Region-specific sensitivity of the spinal cord to ischemia/reperfusion: the dynamic of changes in catalytic NOS activity

• Published in: The journal of physiological sciences Vol. 59; no. 2; pp. 97 - 103
• Main Authors: Kolesár, D, Kolesárová, M, Pavel, J, Dávidová, A, Marsala, J, Lukácová, N
• Format: Journal Article
• Language: English
• Published: Japan Springer Japan 01.03.2009
• Subjects: Animals; Anterior Horn Cells - enzymology; Anterior Horn Cells - physiopathology; Calcium - metabolism; Male; Models, Animal; Nitric Oxide Synthase - metabolism; Original Paper; Rabbits; Reperfusion Injury - enzymology; Reperfusion Injury - physiopathology; Spinal Cord - enzymology; Spinal Cord - physiopathology; Time Factors
• ISSN: 1880-6546; 1880-6562
• DOI: 10.1007/s12576-008-0013-7

This study was designed in order to consider whether the release of neuronally derived nitric oxide (NO) in the lumbosacral spinal cord during ischemia/reperfusion is region-specific and whether changes in Ca(2+)-dependent NO synthase (cNOS) activity paralell with functional outcome.
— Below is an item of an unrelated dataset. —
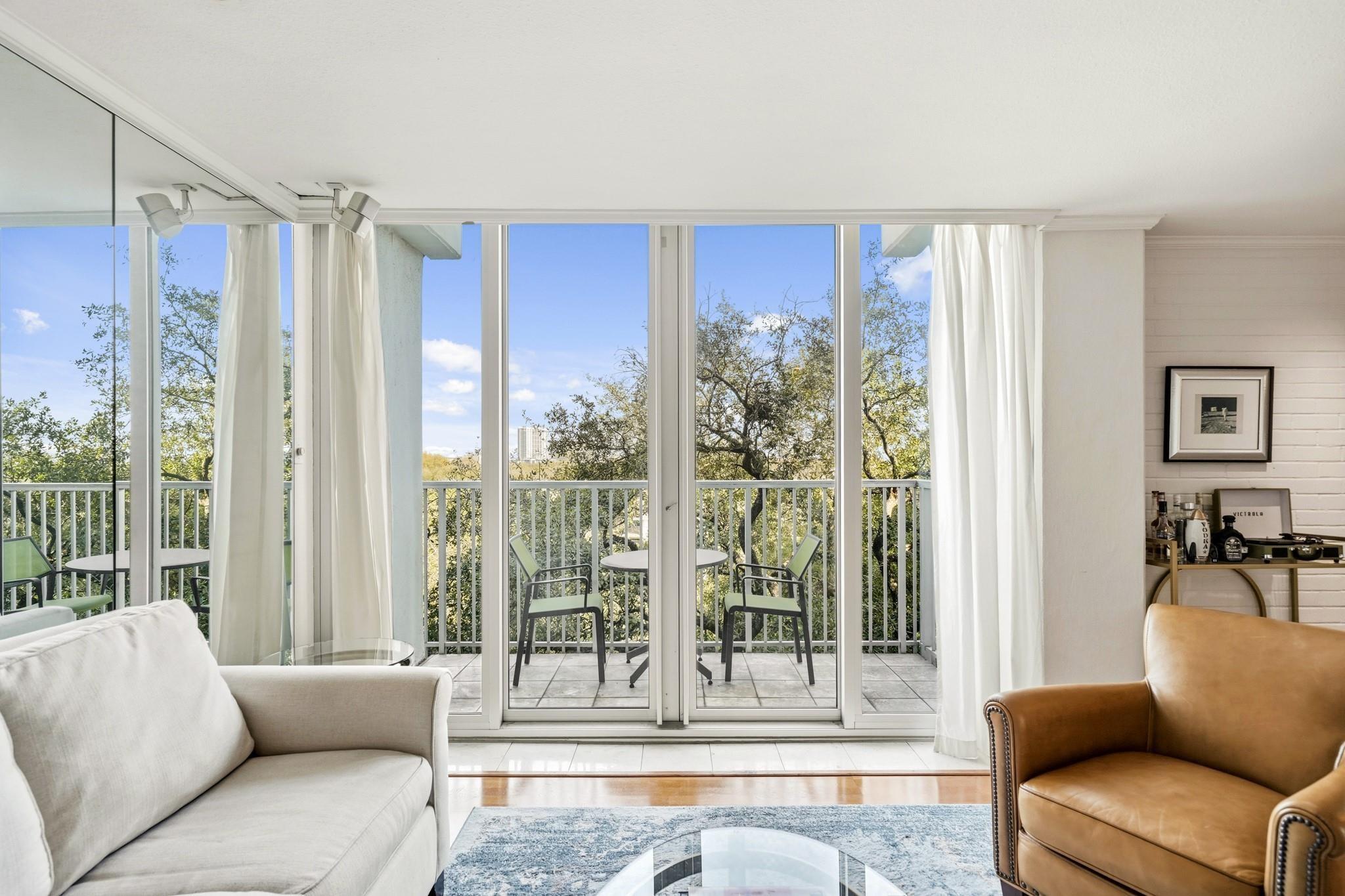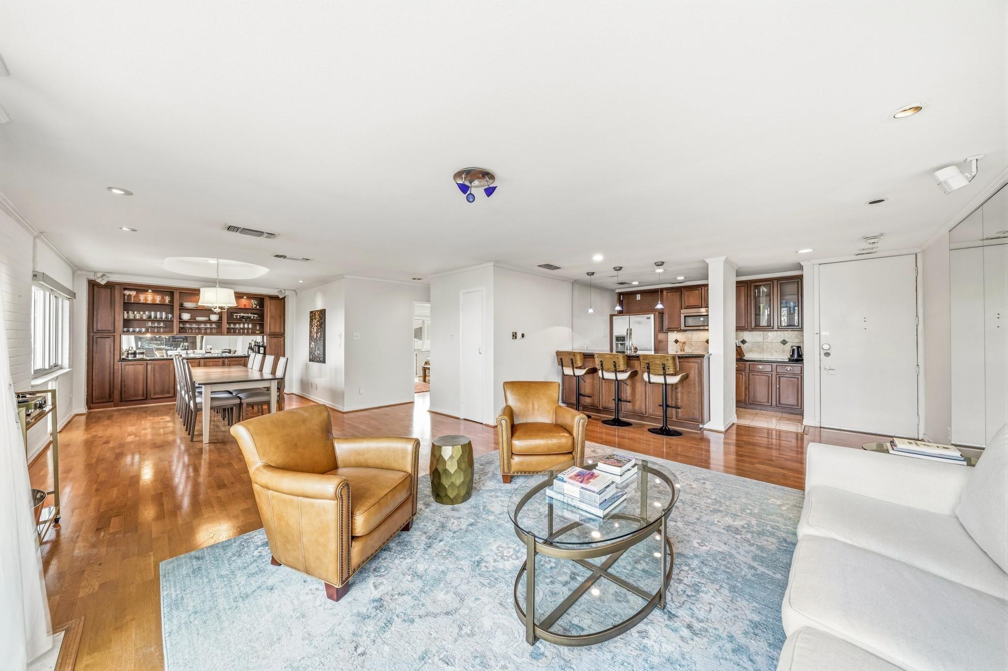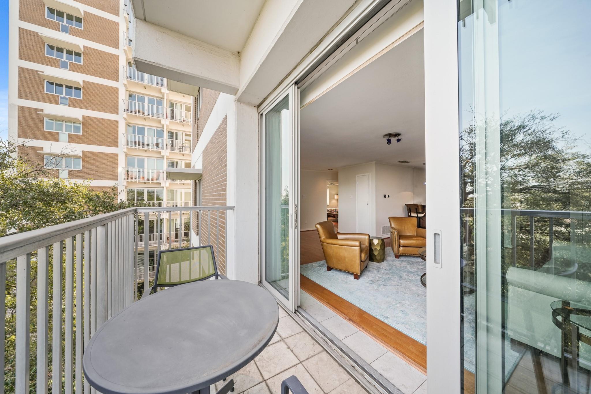 Centrally located in the heart of Montrose with quick access to freeways, Memorial Park, shopping and dining destinations sits The Parc V, a twin mid-century high-rise which boasts the perfect balance of luxury living and urban convenience. This impressive building rises above the skyline, offering breathtaking views of the cityscape and provides residents with a truly unparalleled living experience. The maintenance fee includes all utilities and fabulous amenities w/controlled access, fitness center, swimming pool, security patrol, gated onsite parking garage, party/conference rooms & building generator. This former two-bedroom unit was completely remodeled to an open spacious floor plan with formal dining & living rooms, a beautiful built-in buffet w/storage, covered balcony, bedroom and two full baths. Design details such as sleek hardwoods, recessed lighting, breakfast bar with pendant lighting, granite counters and modern S/S appliances provide the perfect place to call home!

The cNOS activity was measured in the spinal cord regions after 13-, 15- and 17-min ischemia alone and that followed by 24 h of reperfusion. In addition, the Tarlov's criteria were applied to define the neurological consequences of ischemia/reperfusion in experimental animals. Based on the results, it is evident that only the 17-min ischemia alone was quite sufficient to cause changes in cNOS activity, however, without alterations in functional outcomes. On the other hand, the ischemic episodes followed by reperfusion caused dynamic, region-specific alterations in cNOS activity and consequently led to deterioration of motor function of hindlimbs in affected animals. Our results indicate that the motoneurons in the ventral horns respond more sensitively to ischemia/reperfusion than do neurons localized in the other spinal cord regions and that changes in cNOS activity may also influence the axonal conductance in the white matter and account for the impairment of motoneuronal activity in affected animals.